Where To Start With Generative AI & The Customer Experience
Reposted from Forbes.
Generative AI has the potential to transform many aspects of business operations, from product development to supply chain management. With leading brands beginning to deploy generative AI in the enterprise setting, customer service has emerged as a key testing ground, which shouldn’t be much of a surprise. As the sector with “one of the highest adoption rates of AI technologies,” the customer experience (CX) industry is no stranger to AI. According to a 2022 Gartner survey, 54% of its 50 respondents indicated they have started to implement AI for customer-facing applications.
While chatbots and virtual assistants have become a staple of modern CX, these innovations only scratch the surface of generative AI’s future impact on contact centers. Generative AI is well suited to address CX needs not only for its real-time conversational and comprehensive capabilities but also for its ability to analyze big data quickly and in-depth. As companies begin to experiment with generative AI across their operations, they should prioritize two critical areas for these early efforts: enabling agents and data analytics.
But first, it’s important to understand the technology.
Generative AI tools, like Open AI’s ChatGPT and DALL-E, have generated a lot of buzz because they merge three exciting technologies: chatbots, natural language processing (NLP) and large language models (LLM). The end product is a solution designed to hold intelligent conversations with humans. The “intelligence” behind these new tools surpasses previous iterations of chatbots because they employ machine learning that uses pre-trained data sets. Its responses are detailed and complete and only improves the more it learns. The difference in output will revolutionize the way brands and consumers engage.
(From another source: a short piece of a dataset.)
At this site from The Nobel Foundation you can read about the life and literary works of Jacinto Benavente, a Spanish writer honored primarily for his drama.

But all new technologies come with their challenges. With generative AI, it may seem like an open sandbox without many rules or validation, making data bias and unverified content unavoidable. LLMs still hallucinate—in which, at times, their responses can be nonsensical but in an authoritative manner, making it difficult to question the accuracy of the content. Lack of access to nonpublic information limits the data set, and there are no structured parameters to maintain data integrity. Also, generative AI’s responses are more human-like than ever, but they can’t replace real humans. It still lacks the empathy and problem-solving that you can only get from people. It can better pinpoint the inquiry or issue as well as the resolution more than any of its AI predecessors, but because it leverages rules and algorithms versus emotions, there’s still a void that only humans can fill.
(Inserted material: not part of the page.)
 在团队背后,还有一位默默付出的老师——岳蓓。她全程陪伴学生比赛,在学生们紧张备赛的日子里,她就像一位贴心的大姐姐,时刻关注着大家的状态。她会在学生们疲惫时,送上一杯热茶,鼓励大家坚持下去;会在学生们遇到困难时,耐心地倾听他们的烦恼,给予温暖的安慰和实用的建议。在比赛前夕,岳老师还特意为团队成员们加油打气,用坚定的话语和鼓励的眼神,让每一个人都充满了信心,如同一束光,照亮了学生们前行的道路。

Address the limitations of a near-limitless solution.
Despite being intuitive tools that streamline tasks and ease operational burdens, generative AI can’t replace the human touch that is best offered by an experienced hand. If companies decide to simply rely on generic and publicly available models that don’t have the safeguards or sophistication to handle knowledge bases and CRM platforms securely in enterprise-level deployments, then they are merely opening themselves up to undue risks. Brands would be doing themselves a favor by partnering with service providers that have the institutional knowledge and expertise to successfully incorporate generative AI tools into their processes, which includes integrating them into core systems, managing accurate and dynamic protocols and product information, and applying business rules to overlay the technology. Also, brands should look into trust and safety services from leading tech and CX providers that have built-in security, governance and confidentiality that they can embed into their generative AI offerings.
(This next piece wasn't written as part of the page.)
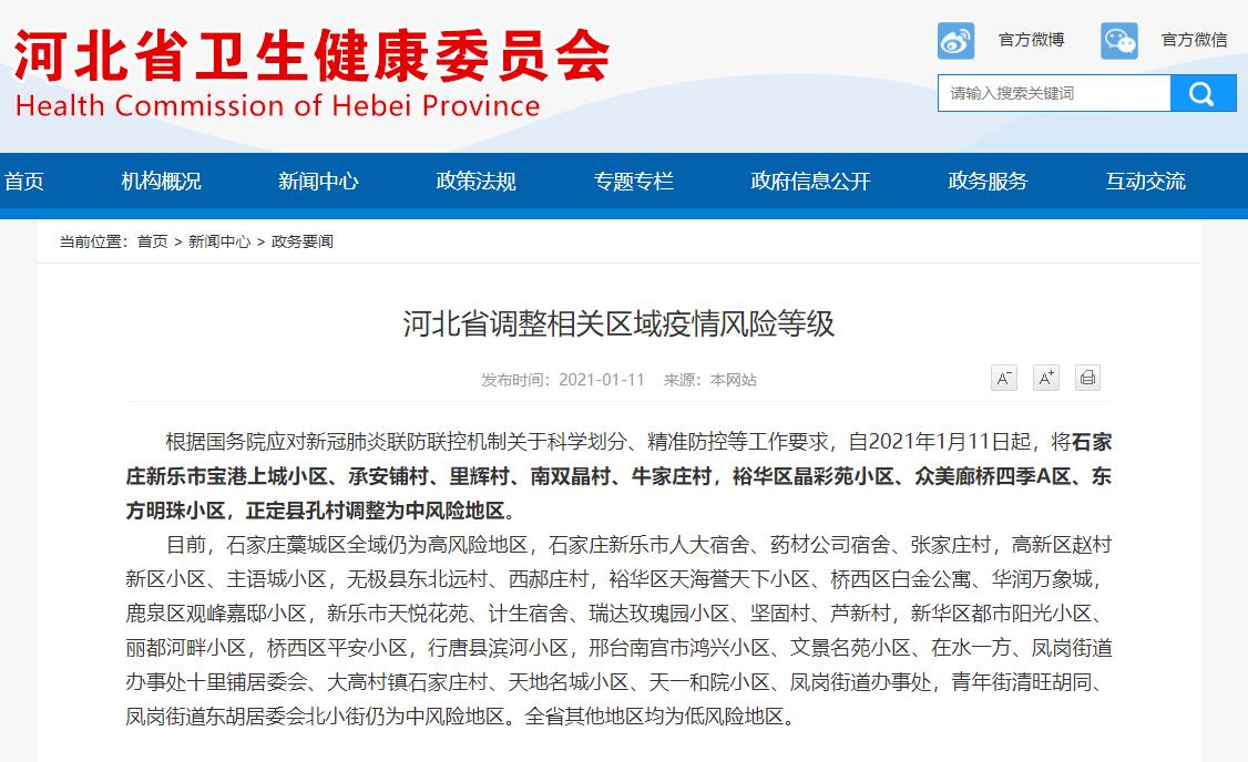 根据国务院应对新冠肺炎联防联控机制关于科学划分、精准防控等工作要求,自2021年1月11日起,将石家庄新乐市宝港上城小区、承安铺村、里辉村、南双晶村、牛家庄村,裕华区晶彩苑小区、众美廊桥四季A区、东方明珠小区,正定县孔村调整为中风险地区。

And when it comes to delivering the best CX, having a human backstop is essential. So, if a company is exploring a partnership involving generative AI, they should seek a clear vision upfront from the tech vendor and the CX services provider as to how the technology could and would be deployed with humans in the loop. As researchers from Stanford and MIT shared from a recent study: “Our overall findings demonstrate that generative AI working alongside humans can have a significant positive impact on the productivity and retention of individual workers.”
Tailor the experience for customers and agents simultaneously.
These capabilities describe the foundation of the ultimate contact center as a service (CCaaS). Now brands can envision a future where they’re able to better support CX agents while meeting customer demands more effectively. Companies will also be able to thoroughly examine these customer engagements, synthesize the data, and develop actionable insights much faster and more accurately than ever before. This can radically change customer support interactions in a way that benefits both customers as well as the representatives servicing them, creating fewer frustrating experiences on both sides.
Generative AI is a truly game-changing technology that’s not only here for the long run but blazing a trail for CX innovation to come. The best way to harness its full potential is to explore its capabilities, test them and apply the solution to deliver outcomes—right from the front lines.